Ask HN: Cap table is a mess - startup89
Hi,<p>Will keep it simple:
- 16% of our Cap Table is owned by people no longer involved in the company
- We have $2M in the bank
- We are pivoting to something completely different
- The $2M is from note holders (so they currently are not on the cap table)<p>What is the best way to get that equity back?
- Buy out the owners
- Start new company and refund investors
- Do a recapitalization
- Other idea?<p>Thanks
======
fab1an
IANAL, and this depends on many many factors, and probably many more than you
currently have on your radar given the way you've phrased your question.

Best way forward here is likely to sit down with a great lawyer and talk
through the _technical_ options you have, which will vary based on
jurisdiction and setup.

If you have a good relationship with the 16%, there is probably a way to
readjust the ownership levels in good faith - they will want you to be
properly incentivized. You will have to make a good case for this and explain
how the readjustment will work best on a technical level, and why this is
going to be win-win.

------
siegel
Sadly, this question cannot be answered based on this information.

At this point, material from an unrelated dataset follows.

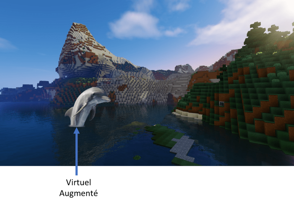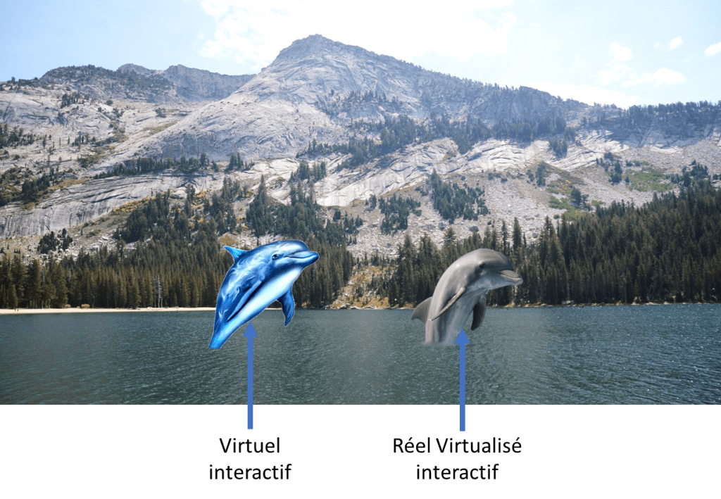 - Réalité mixte (MR) : A la différence de l’AR, la réalité mixte va permettre l’interaction de nos objets virtuelles avec la réalité. Si je crée un dauphin en 3D et qu’il interagit virtuellement avec l’eau on pourra parler de MR. D’autre part, si des objets réelles sont scannés en 3D et rajouté dans notre espace virtuel pour interagir avec le monde il s’agira aussi de réalité mixte.

When you say "pivoting to something completely different," are you going to be
using IP developed as part of the current company? If so, starting a new
company will be very difficult.

And the note holders don't want their money back, most likely. I mean, if you
dissolve, they'll have no choice but to take it. But they were investing to
get equity down the road. Query how you raised $2M and apparently haven't
spent any of it. How long ago did you enter into these notes? I would have to
imagine it was pretty recent. And you didn't know about the pivot then? That's
possible, of course. But it's a concern the noteholders may have.

There are lots of strategies to move forward. But it's pretty fact specific. I
think fab1an's advice is really the best.

------
_ah
Don't know what your goals are here, but if you have $2M banked then you're
presumably shooting for a relatively large ~$100M+ market valuation. At this
point, your primary focus should be the success of your pivot, and nothing is
more valuable than cash.

If the extra 16% equity is necessary to ensure your ability to fundraise and
retain talent, then it is a fatal condition. You must find a way to show the
equity holders that their 16% will be worth zero unless they give some back.

If the extra 16% is _extremely annoying_, and you really wish you could get it
back because you think this new venture will be HUGE... then I'd advise you to
consider leaving it alone as "dead equity". Yeah it sucks, but your options
here are Victory or Zero. Giving up cash (or time, and mental anguish) for a
slightly larger Victory doesn't really help you, and increases the probability
of Zero by a non-trivial amount. Check your ego and be wise here.

IANAL. Your Mileage My Vary.

------
tedmiston
I don't know that HN can give a satisfactory answer with the information
provided. For instance, does the traction of the business indicate the value
will continue to increase (i.e., is buying out worthwhile to you)? Is the
outside ownership shares or options; if options, do they have expiration? Are
there opportunities to fundraise or sell? Is the outside ownership a problem
to potential investors? etc

------
hguhghuff
No longer involved, but provided something of value in the past?